**What you need to do:**
Drop every picture and copy exactly the lines from the one with "mais contient les" through the last line of the listing below.
[[ Records shown, beginning ]]
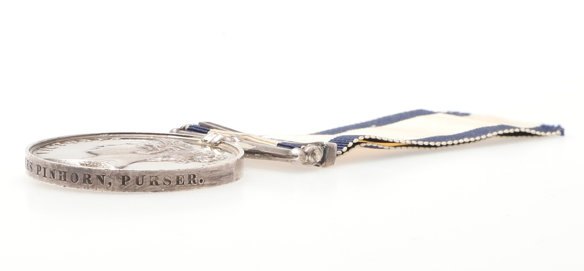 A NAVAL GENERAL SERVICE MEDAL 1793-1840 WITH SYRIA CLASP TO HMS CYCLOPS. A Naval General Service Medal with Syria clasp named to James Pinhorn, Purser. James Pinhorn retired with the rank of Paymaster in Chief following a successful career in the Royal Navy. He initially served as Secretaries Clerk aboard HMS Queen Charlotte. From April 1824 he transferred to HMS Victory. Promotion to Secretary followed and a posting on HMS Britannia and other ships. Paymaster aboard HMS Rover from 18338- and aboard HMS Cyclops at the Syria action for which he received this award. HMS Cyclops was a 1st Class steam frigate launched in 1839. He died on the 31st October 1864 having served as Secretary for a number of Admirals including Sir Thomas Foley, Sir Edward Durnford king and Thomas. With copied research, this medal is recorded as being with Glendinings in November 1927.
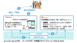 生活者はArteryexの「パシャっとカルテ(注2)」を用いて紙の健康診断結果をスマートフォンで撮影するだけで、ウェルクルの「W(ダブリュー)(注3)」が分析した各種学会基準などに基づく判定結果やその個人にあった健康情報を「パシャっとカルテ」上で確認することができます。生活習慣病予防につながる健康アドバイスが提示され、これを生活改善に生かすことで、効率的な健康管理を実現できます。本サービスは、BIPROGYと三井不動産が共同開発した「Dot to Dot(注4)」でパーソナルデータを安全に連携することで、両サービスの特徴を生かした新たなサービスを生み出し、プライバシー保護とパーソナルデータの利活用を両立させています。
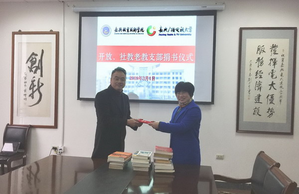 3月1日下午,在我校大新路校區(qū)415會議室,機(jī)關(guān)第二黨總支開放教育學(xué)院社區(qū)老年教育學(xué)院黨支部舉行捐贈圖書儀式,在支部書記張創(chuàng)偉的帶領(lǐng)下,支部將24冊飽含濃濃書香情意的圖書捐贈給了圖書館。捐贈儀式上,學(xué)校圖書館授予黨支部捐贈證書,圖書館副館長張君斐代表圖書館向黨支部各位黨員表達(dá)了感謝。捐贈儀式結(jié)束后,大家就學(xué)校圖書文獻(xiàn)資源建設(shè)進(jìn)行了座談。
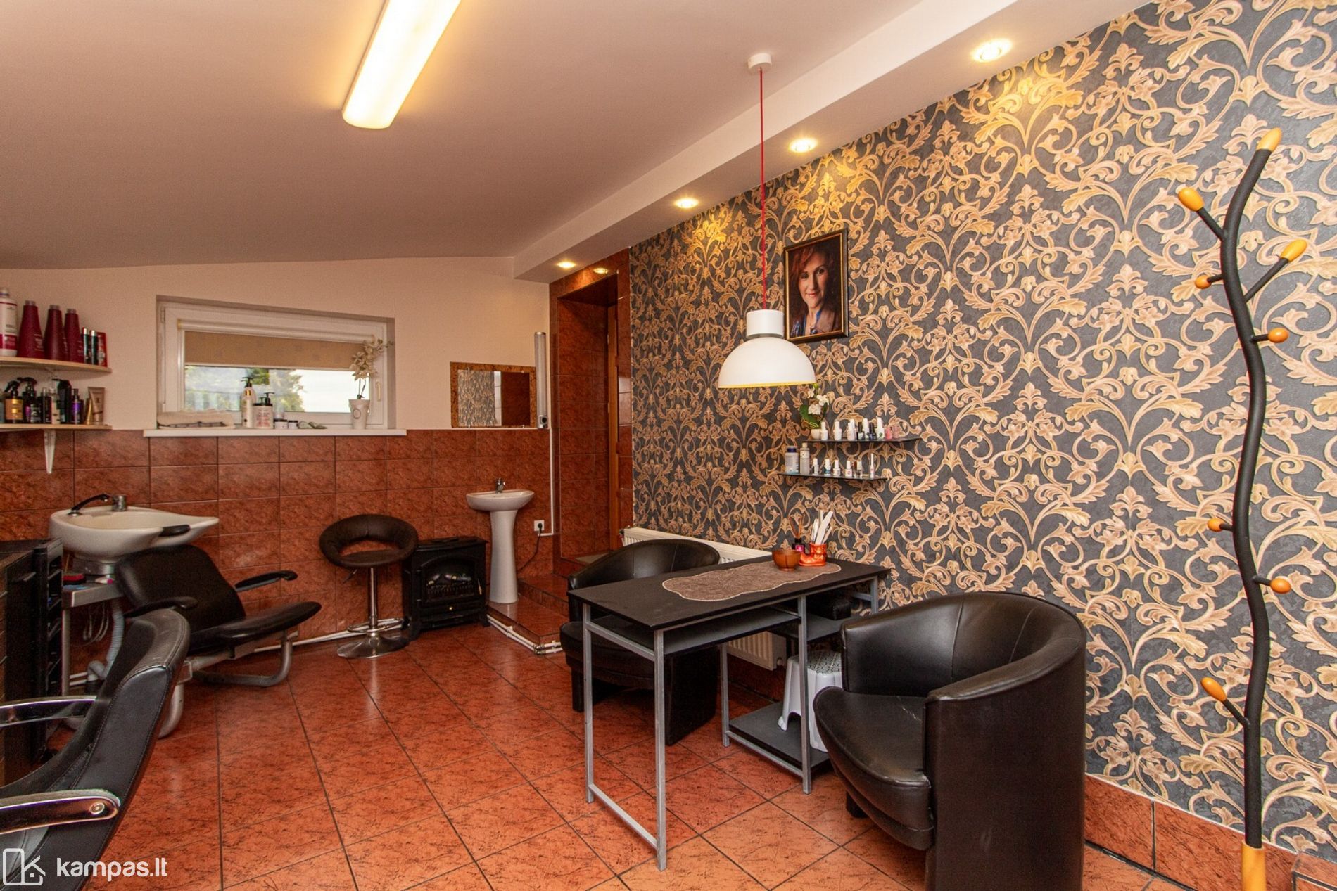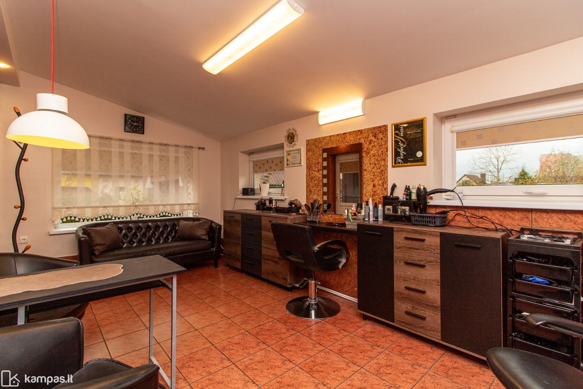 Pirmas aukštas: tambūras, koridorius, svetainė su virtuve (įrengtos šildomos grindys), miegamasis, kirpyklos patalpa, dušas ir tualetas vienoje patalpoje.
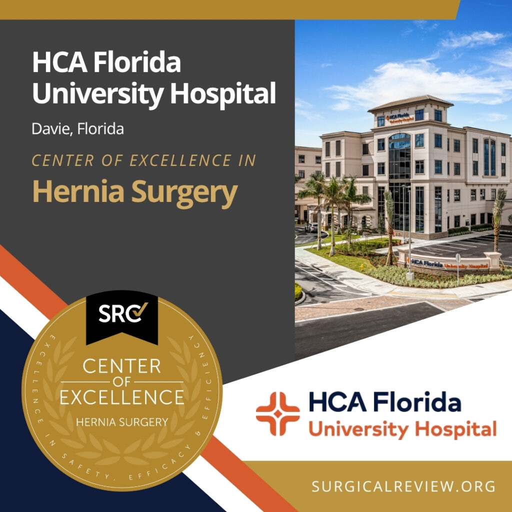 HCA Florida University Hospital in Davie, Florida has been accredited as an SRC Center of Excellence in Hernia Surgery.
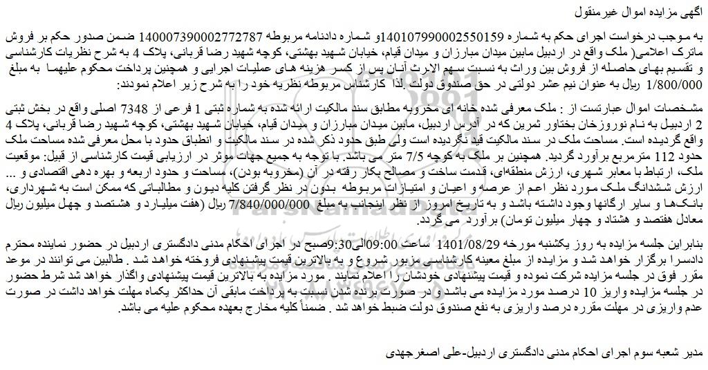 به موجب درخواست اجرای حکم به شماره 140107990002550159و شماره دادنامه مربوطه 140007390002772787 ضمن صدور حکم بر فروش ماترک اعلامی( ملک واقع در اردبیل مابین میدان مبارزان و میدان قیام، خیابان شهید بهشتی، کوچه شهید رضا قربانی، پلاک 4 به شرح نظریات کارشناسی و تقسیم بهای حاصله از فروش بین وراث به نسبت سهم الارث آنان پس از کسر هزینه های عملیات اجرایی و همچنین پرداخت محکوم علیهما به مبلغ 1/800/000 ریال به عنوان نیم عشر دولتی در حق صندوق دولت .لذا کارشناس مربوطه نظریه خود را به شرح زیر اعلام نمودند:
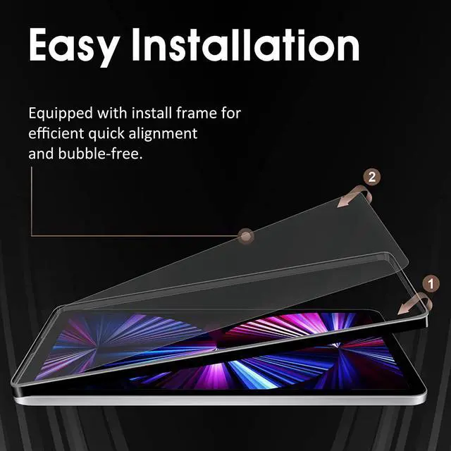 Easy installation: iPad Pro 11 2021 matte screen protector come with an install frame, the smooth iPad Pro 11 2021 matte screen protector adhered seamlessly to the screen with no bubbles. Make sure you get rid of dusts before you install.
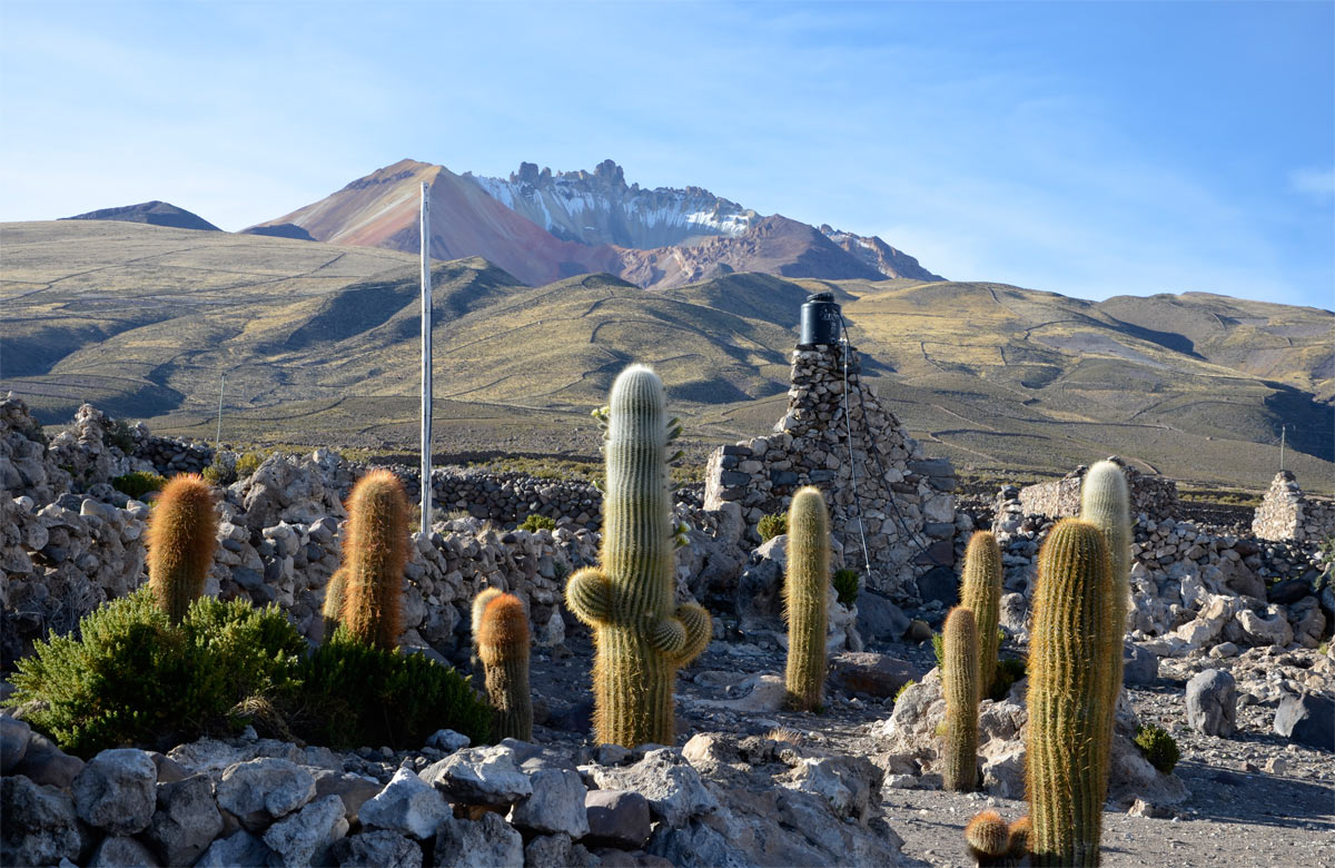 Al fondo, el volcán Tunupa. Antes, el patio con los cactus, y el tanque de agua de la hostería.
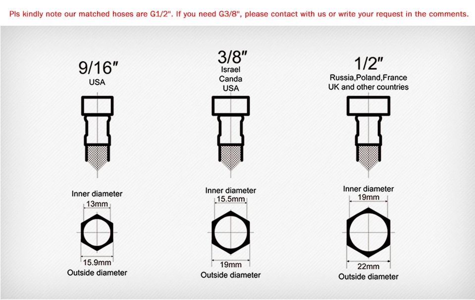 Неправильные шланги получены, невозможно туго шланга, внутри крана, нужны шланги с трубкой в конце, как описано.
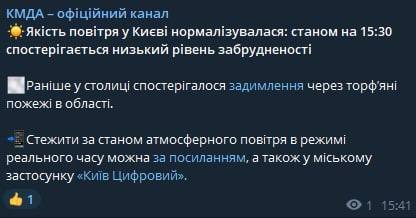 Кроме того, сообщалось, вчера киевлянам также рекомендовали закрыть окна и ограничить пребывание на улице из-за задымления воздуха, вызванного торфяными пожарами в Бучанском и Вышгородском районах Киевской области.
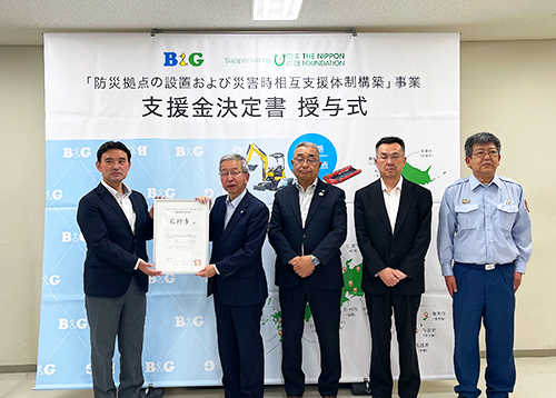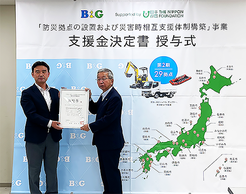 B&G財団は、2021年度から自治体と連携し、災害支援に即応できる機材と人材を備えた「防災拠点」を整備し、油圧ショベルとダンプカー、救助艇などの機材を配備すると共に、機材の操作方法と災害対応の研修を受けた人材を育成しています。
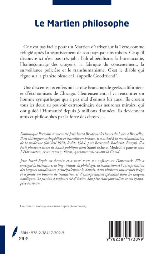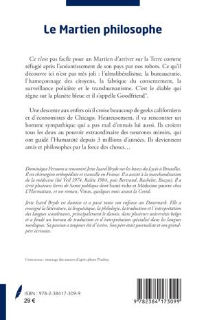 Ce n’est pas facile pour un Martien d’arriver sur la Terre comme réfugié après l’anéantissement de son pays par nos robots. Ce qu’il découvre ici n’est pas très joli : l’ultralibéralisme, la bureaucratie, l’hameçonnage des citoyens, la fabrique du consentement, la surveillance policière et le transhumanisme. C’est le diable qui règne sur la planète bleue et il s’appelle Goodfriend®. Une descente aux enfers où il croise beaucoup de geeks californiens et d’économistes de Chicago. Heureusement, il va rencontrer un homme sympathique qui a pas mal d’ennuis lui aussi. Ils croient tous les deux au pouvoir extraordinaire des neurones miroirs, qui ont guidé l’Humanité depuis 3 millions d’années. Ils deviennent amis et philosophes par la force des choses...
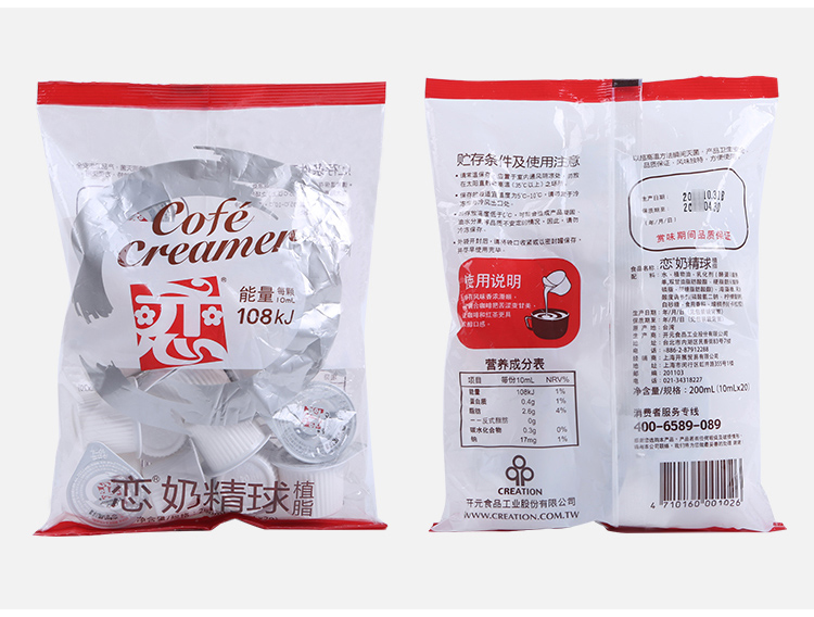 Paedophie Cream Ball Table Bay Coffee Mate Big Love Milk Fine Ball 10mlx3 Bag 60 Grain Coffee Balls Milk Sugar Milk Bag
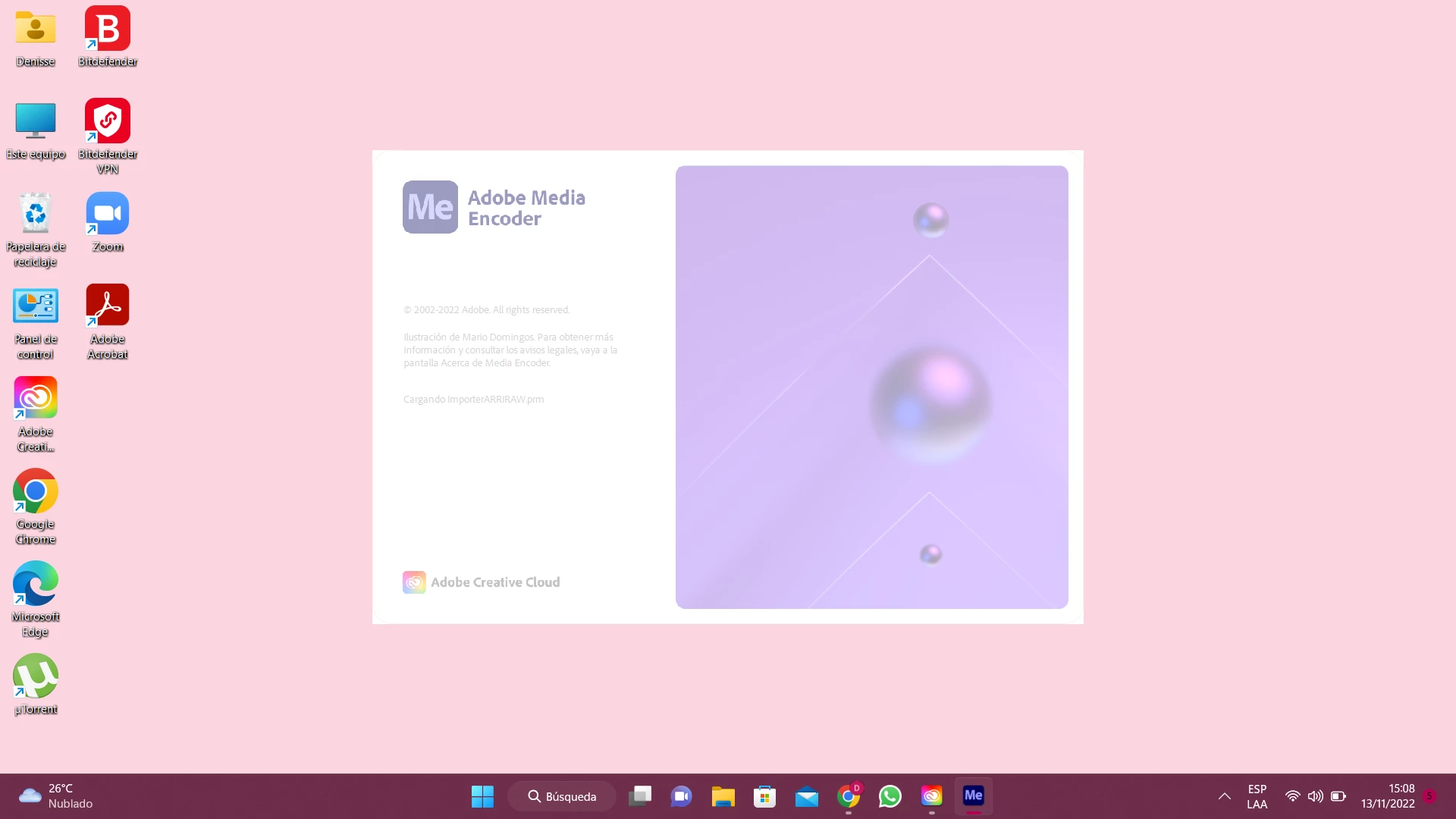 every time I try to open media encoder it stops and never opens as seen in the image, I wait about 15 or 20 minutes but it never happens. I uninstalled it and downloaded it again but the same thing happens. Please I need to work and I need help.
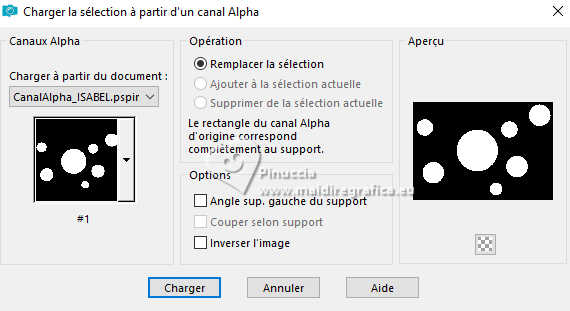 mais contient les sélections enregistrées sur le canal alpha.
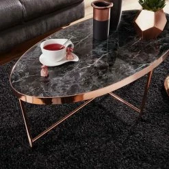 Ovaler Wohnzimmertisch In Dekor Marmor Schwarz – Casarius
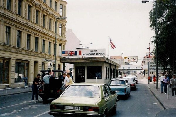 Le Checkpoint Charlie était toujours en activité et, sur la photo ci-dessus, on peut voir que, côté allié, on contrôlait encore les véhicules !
[[ Records shown, end ]]
**Result of this task:**
 mais contient les sélections enregistrées sur le canal alpha.
 Ovaler Wohnzimmertisch In Dekor Marmor Schwarz – Casarius
 Le Checkpoint Charlie était toujours en activité et, sur la photo ci-dessus, on peut voir que, côté allié, on contrôlait encore les véhicules !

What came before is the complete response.